In summary, rats subjected to our 15-week dietary n-3 PUFA
deprivation have a reduced brain DHA concentration and a prolonged
DHA half-life, accompanied by reduced activities of presumably
DHA-selective iPLA2 and COX-1; an increased brain DPAn-6
concentration accompanied by increased activities of AA-selective
cPLA2, sPLA2 and COX-2; and reduced
expression of BDNF that corresponds to reduced CREB DNA binding
activity and p38 MAP-kinase activity.
Conclusions
In response to each of the three questions presented in the
Introduction, we have shown that: (1) Regional and global brain AA
and DHA consumption rates can be and have been quantified in
unanesthetized rats, and in humans using PET. (2) In the absence of
dietary DHA, a normal brain DHA content can be maintained by liver
conversion of α-LNA to circulating DHA, provided sufficient α-LNA
is in the diet. Liver but not brain conversion coefficients are
increased by further α-LNA deprivation, in relation to increased
expression of liver elongases and desaturases. (3) Brain DHA
reduction caused by 15 weeks of dietary n-3 PUFA deprivation in
rats is associated with slowed DHA loss from brain and reduced
expression of presumably DHA-metabolizing enzymes, tending to
conserve brain DHA, by increased expression of AA-metabolizing
enzymes and a high DPAn-6 concentration, and by reduced BDNF,
phospho-CREB and p38 MAP kinase activity levels. Some of these
changes are consistent with neuroprotective effects of n-3 PUFAs.
Now that appropriate quantitative techniques are available for
studying the relations among brain and liver PUFA metabolism and
diet in animals and humans, future studies using these techniques
might address a number of additional relevant questions: (1) To
what extent does the liver convert EPA to DHA under different
dietary conditions? (2) What are the effects of graded n-3 PUFA
dietary deprivation on the markers and kinetics of brain metabolism
and function that we have presented in this paper? (3) What are the
effects on these markers of dietary n-6 PUFA deprivation? (4) How
do liver conversion rates of α-LNA and EPA to secreted DHA vary
with age and liver disease? (5) In humans, how do brain AA and DHA
consumption rates change with aging or disease, and how might human
diets be tailored to maintain normal consumption rates with these
variable conditions?
Acknowledgements
This work was supported by the Intramural Program of the National
Institute on Aging, National Institutes of Health, Bethesda,
Maryland, USA. We thank Dr. Richard Bazinet, Dr. David Purdon and
Dr. Malden Nesheim for their helpful comments.
References
1 Contreras MA, Rapoport SI. Recent studies on
interactions between n-3 and n-6 polyunsaturated fatty acids in
brain and other tissues. Curr Opin Lipidol 2002; 13: 267-72.

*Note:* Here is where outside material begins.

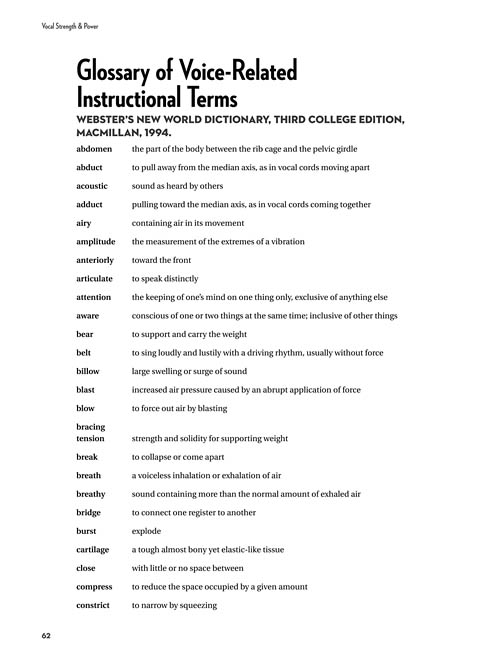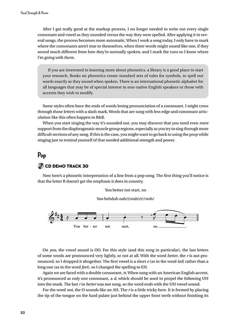 Based on years of teaching and research, this book with included online audio by acclaimed vocal coach Dena Murray provides insightful methods and exercises for attaining vocal mastery. Perfect for all singers – beginners to pros – who want more power in their voice, better pitch control, and a bigger singing range. With her prior two books, this volume forms a complete set of exercises to bring the voice to its full potential. The audio is accessed online using the unique code inside each book and can be streamed or downloaded. The audio files include PLAYBACK+, a multi-functional audio player that allows you to slow down audio without changing pitch, set loop points, change keys, and pan left or right.
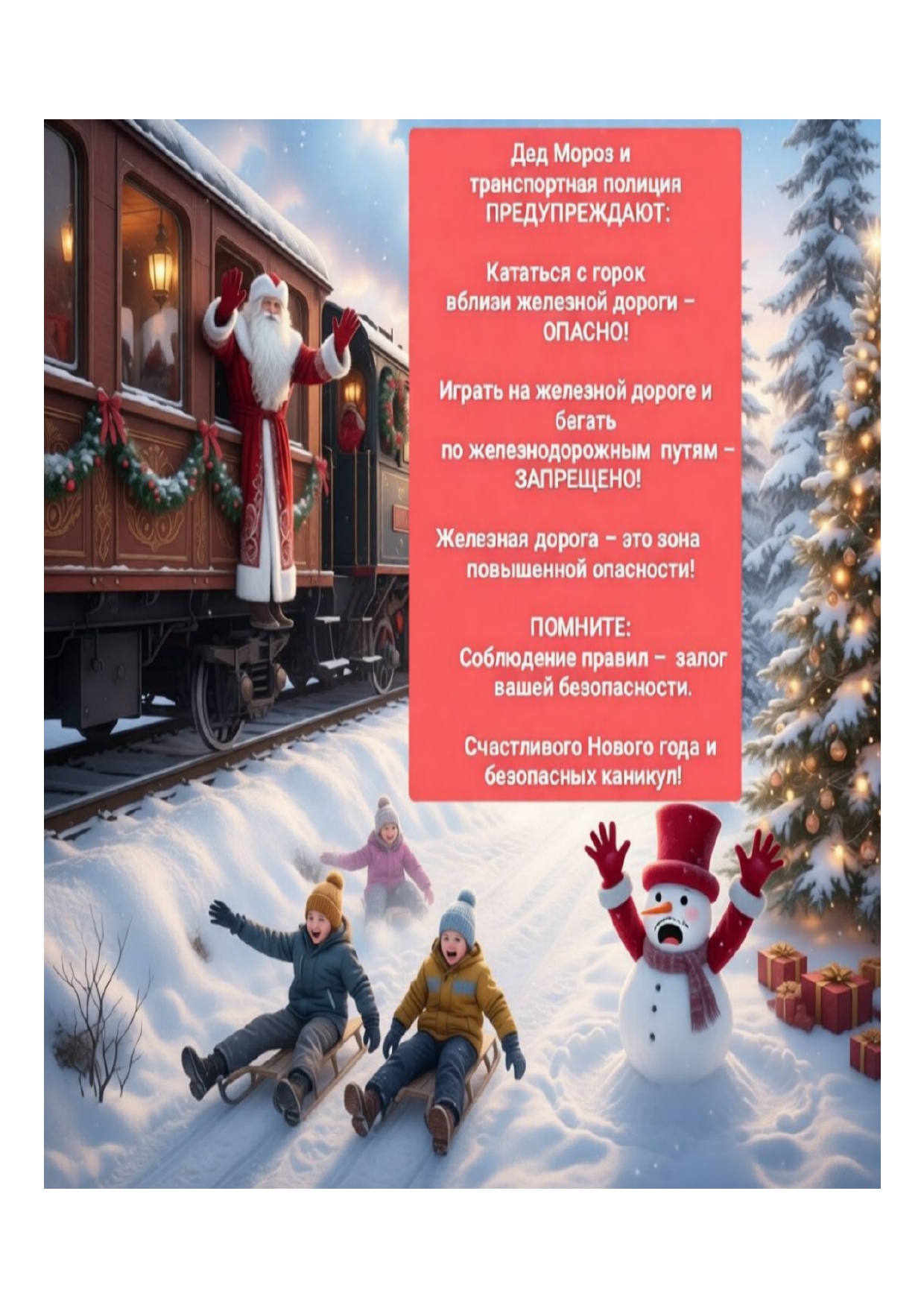 Дед мороз предупреждает! Играть на железной дороге опасно!

2 Youdim KA, Martin A, Joseph JA. Essential fatty
acids and the brain: possible health implications. Int J Dev
Neurosci 2000; 18: 383-99.
3 Innis SM. The role of dietary n-6 and n-3 fatty acids in
the developing brain. Dev Neurosci 2000; 22: 474-80.
4 Bourre JM, Francois M, Youyou A, et al.
The effects of dietary alpha-linolenic acid on the composition of
nerve membranes, enzymatic activity, amplitude of
electrophysiological parameters, resistance to poisons and
performance of learning tasks in rats. J Nutr 1989; 119:
1880-92.
5 Conquer JA, Tierney MC, Zecevic J,
Bettger WJ, Fisher RH. Fatty acid analysis of blood
plasma of patients with Alzheimer’s disease, other types of
dementia, and cognitive impairment. Lipids 2000; 35: 1305-12.
6 Noaghiul S, Hibbeln JR. Cross-national comparisons
of seafood consumption and rates of bipolar disorders. Am J
Psychiatry 2003; 160: 2222-7.
7 Pawlosky RJ, Salem Jr. N. Alcohol consumption
in rhesus monkeys depletes tissues of polyunsaturated fatty acids
and alters essential fatty acid metabolism. Alcohol Clin Exp Res
1999; 23: 311-7.
8 Stoll AL, Severus WE, Freeman MP,
Rueter S, Zboyan HA, Diamond E. CRESS KK, Marangell
LB. Omega 3 fatty acids in bipolar disorder: A preliminary
double-blind, placebo-controlled trial. Arch Gen Psychiatry 1999;
56: 407-12.
9 Kris-Etherton PM, Taylor DS, Yu-Poth S,
et al. Polyunsaturated fatty acids in the food chain in the
United States. Am J Clin Nutr 2000; 71: 179S-188S.
10 British nutrition foundation (Ed.). Unsaturated fatty acids
nutritional and physiological significance: the report of the
British Nutrition Foundation’s task force. New York: Chapman and
Hall, 1992.
11 Simopoulos AP. Commentary on the workshop statement.
Essentiality of and recommended dietary intakes for Omega-6 and
Omega-3 fatty acids. Prostaglandins Leukot Essent Fatty Acids 2000;
63: 123-4.
12 Scientific review committee, Nutritional recommendations.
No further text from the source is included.